Skip to content

Codex Desktop: shutdown/nonexistent subagents appear to count toward spawn_agent thread limit #23219

@zhiyuxinxi

Description

@zhiyuxinxi

Summary

Codex Desktop appears to hit the spawn_agent thread limit even when the visible subagent list only contains the main thread plus historical subagents marked as shutdown. Attempts to close those historical subagents fail with thread ... not found, but subsequent spawn_agent calls still report the session/thread limit as reached.

This makes multi-agent review workflows unreliable: the user sees old subagent entries that are no longer live or closable, while the model cannot spawn the intended new reviewers.

Environment

  • Product: Codex Desktop app
  • Platform: Windows / PowerShell session
  • Workspace path shape: H:\...
  • App version: not available from this session; I can provide it later from the About dialog if needed.
  • Mode: local desktop session using the multi-agent/collab spawn_agent, list_agents, and close_agent tools.

What happened

During a multi-AI review workflow, the model attempted to spawn several read-only reviewer agents. Only one new reviewer could be spawned. The other spawn_agent calls failed with:

collab spawn failed: agent thread limit reached

The model then inspected live agents with list_agents. The returned list showed:

  • /root as running
  • several older subagents as shutdown
  • the new reviewer as running initially

The historical shutdown entries included older unrelated review tasks from previous work in the same root session. They were not part of the current task.

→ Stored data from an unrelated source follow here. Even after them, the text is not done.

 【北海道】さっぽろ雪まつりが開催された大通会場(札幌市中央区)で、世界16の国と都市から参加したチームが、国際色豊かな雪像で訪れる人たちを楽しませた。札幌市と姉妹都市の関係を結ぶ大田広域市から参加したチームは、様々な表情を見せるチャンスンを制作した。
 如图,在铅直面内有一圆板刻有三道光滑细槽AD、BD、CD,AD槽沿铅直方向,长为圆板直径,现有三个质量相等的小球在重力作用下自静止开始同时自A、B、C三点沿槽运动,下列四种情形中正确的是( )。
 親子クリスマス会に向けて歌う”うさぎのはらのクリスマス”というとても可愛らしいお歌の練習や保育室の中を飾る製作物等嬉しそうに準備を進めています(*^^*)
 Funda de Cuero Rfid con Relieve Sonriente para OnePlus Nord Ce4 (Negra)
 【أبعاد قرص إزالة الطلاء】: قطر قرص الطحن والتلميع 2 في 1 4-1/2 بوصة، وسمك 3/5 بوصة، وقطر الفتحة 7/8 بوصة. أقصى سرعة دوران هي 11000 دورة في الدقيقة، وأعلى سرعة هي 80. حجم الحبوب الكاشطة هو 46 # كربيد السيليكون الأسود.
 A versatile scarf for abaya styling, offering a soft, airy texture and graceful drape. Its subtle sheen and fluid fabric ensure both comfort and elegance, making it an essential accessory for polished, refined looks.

The model attempted to explicitly close those old shutdown entries with close_agent, but each close attempt failed with errors like:

collab tool failed: thread <id> not found

After this, the system still behaved as if the thread/session limit had been reached, even though those old agents were already shutdown and not closable.

Expected behavior

One of these should happen:

  1. shutdown or nonexistent subagents should not count against the active max_concurrent_threads_per_session / spawn limit.
  2. If they do count, close_agent should be able to remove/release them.
  3. If the limit is not about active agents but about total historical agents in a root tree, the error message should say so explicitly and provide a recovery path.
  4. list_agents should clearly distinguish active, closed-but-retained, and non-counting historical entries.

Actual behavior

  • spawn_agent reports the thread limit is reached.
  • list_agents shows old unrelated agents as shutdown.
  • close_agent cannot close them because the thread is already not found.
  • The user and model cannot tell which entries are still consuming capacity or how to release capacity.

Why this matters

This blocks legitimate multi-agent workflows. In this case, the user explicitly asked for multiple AI reviewers to concurrently critique planning artifacts. The model could only spawn one reviewer and had to fall back to a less reliable main-thread-only review.

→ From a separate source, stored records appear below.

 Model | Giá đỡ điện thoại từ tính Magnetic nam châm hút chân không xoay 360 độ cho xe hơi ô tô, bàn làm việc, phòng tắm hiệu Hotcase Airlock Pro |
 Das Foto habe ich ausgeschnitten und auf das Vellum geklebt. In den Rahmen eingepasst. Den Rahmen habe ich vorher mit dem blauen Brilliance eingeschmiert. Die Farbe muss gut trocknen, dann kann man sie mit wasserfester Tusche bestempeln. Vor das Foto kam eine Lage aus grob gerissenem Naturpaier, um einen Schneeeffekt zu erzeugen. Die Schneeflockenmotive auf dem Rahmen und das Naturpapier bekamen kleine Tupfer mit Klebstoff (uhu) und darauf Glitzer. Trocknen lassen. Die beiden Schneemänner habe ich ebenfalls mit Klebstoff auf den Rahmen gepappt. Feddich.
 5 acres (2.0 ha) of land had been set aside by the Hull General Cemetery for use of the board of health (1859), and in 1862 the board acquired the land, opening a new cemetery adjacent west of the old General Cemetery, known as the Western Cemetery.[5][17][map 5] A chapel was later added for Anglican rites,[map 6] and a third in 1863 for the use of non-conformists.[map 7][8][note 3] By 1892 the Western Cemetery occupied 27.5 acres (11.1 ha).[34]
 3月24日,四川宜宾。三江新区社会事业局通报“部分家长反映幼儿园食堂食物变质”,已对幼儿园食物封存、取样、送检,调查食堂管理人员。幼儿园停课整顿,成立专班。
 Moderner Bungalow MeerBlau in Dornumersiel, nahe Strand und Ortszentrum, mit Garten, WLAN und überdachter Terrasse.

It also creates a confusing UX: the model reports old shutdown threads, cannot close them, and cannot spawn new agents, which looks like stale session state or leaked accounting.

Reproduction outline

  1. In Codex Desktop, create a root session.
  2. Spawn several subagents for review tasks.
  3. Let them complete/shutdown, or have them become historical shutdown entries in list_agents.
  4. Later in the same root session, try to spawn several new subagents.
  5. Observe spawn_agent failing with agent thread limit reached.
  6. Call list_agents; observe old entries marked shutdown.
  7. Try close_agent on those old entries; observe thread ... not found.
  8. Try spawning again; observe the effective capacity is still unavailable.

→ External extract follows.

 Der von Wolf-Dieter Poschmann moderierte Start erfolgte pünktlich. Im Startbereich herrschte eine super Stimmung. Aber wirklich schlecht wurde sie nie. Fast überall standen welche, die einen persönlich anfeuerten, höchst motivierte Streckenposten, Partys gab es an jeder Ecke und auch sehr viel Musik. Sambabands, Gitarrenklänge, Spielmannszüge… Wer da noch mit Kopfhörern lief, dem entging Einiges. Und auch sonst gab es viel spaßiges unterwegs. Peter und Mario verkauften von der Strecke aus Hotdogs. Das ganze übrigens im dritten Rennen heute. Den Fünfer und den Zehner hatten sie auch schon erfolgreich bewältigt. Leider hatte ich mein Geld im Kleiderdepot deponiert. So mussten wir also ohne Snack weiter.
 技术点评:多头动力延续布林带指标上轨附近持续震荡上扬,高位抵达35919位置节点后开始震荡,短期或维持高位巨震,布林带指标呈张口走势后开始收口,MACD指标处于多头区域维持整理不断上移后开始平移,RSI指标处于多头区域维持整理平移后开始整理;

Related-looking issues found before filing

I found some similar-but-not-identical issues around subagent/session state:

This report is specifically about shutdown / nonexistent agents being visible but not closable, while spawn_agent still reports a thread-limit condition.

Suggested fix direction

  • Make the spawn limit count only currently running or pending agents.
  • Ensure completed/shutdown child agents release capacity deterministically.
  • Make close_agent idempotent: closing an already-shutdown/nonexistent child should return success or a clear already closed; not counted result.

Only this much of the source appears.